*** Supplied data ***
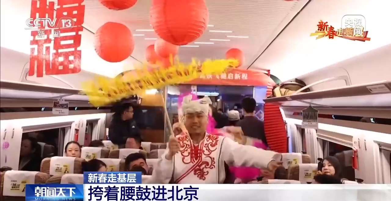 总台央视记者 郑连凯:现在的时间1月26日早上7点30分,延安的天刚蒙蒙亮,腰鼓队队员已经赶到延安站,稍后他们要搭乘延安开往北京的G359次首发列车。
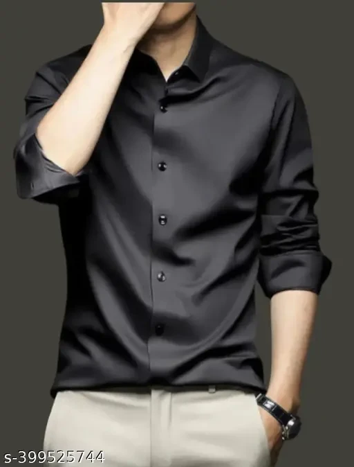 Name : Men Regular Fit Solid Spread Collar Casual Shirt for partywear- Black
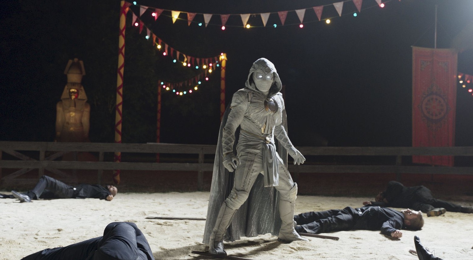 Также в Сети появились постер и кадр из шоу, на котором можно увидеть Лунного рыцаря в новом образе: в деловом костюме, маске и с тростью. Он основан на одном из воплощении персонажа в комиксах — Мистере Рыцаре.
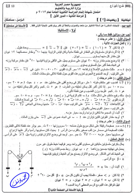 إجابة السؤال الأول هو لو واحد طلع الناتج بتاع العزم غلط ينقص كام .... يريت مدرس بيصحح يرد عليا |
*** End of Supplied data ***
What is needed – The answer must be the full listing, exact in every line, with the pictures removed.

Answer to this task –
 总台央视记者 郑连凯:现在的时间1月26日早上7点30分,延安的天刚蒙蒙亮,腰鼓队队员已经赶到延安站,稍后他们要搭乘延安开往北京的G359次首发列车。
 Name : Men Regular Fit Solid Spread Collar Casual Shirt for partywear- Black
 Также в Сети появились постер и кадр из шоу, на котором можно увидеть Лунного рыцаря в новом образе: в деловом костюме, маске и с тростью. Он основан на одном из воплощении персонажа в комиксах — Мистере Рыцаре.
 إجابة السؤال الأول هو لو واحد طلع الناتج بتاع العزم غلط ينقص كام .... يريت مدرس بيصحح يرد عليا |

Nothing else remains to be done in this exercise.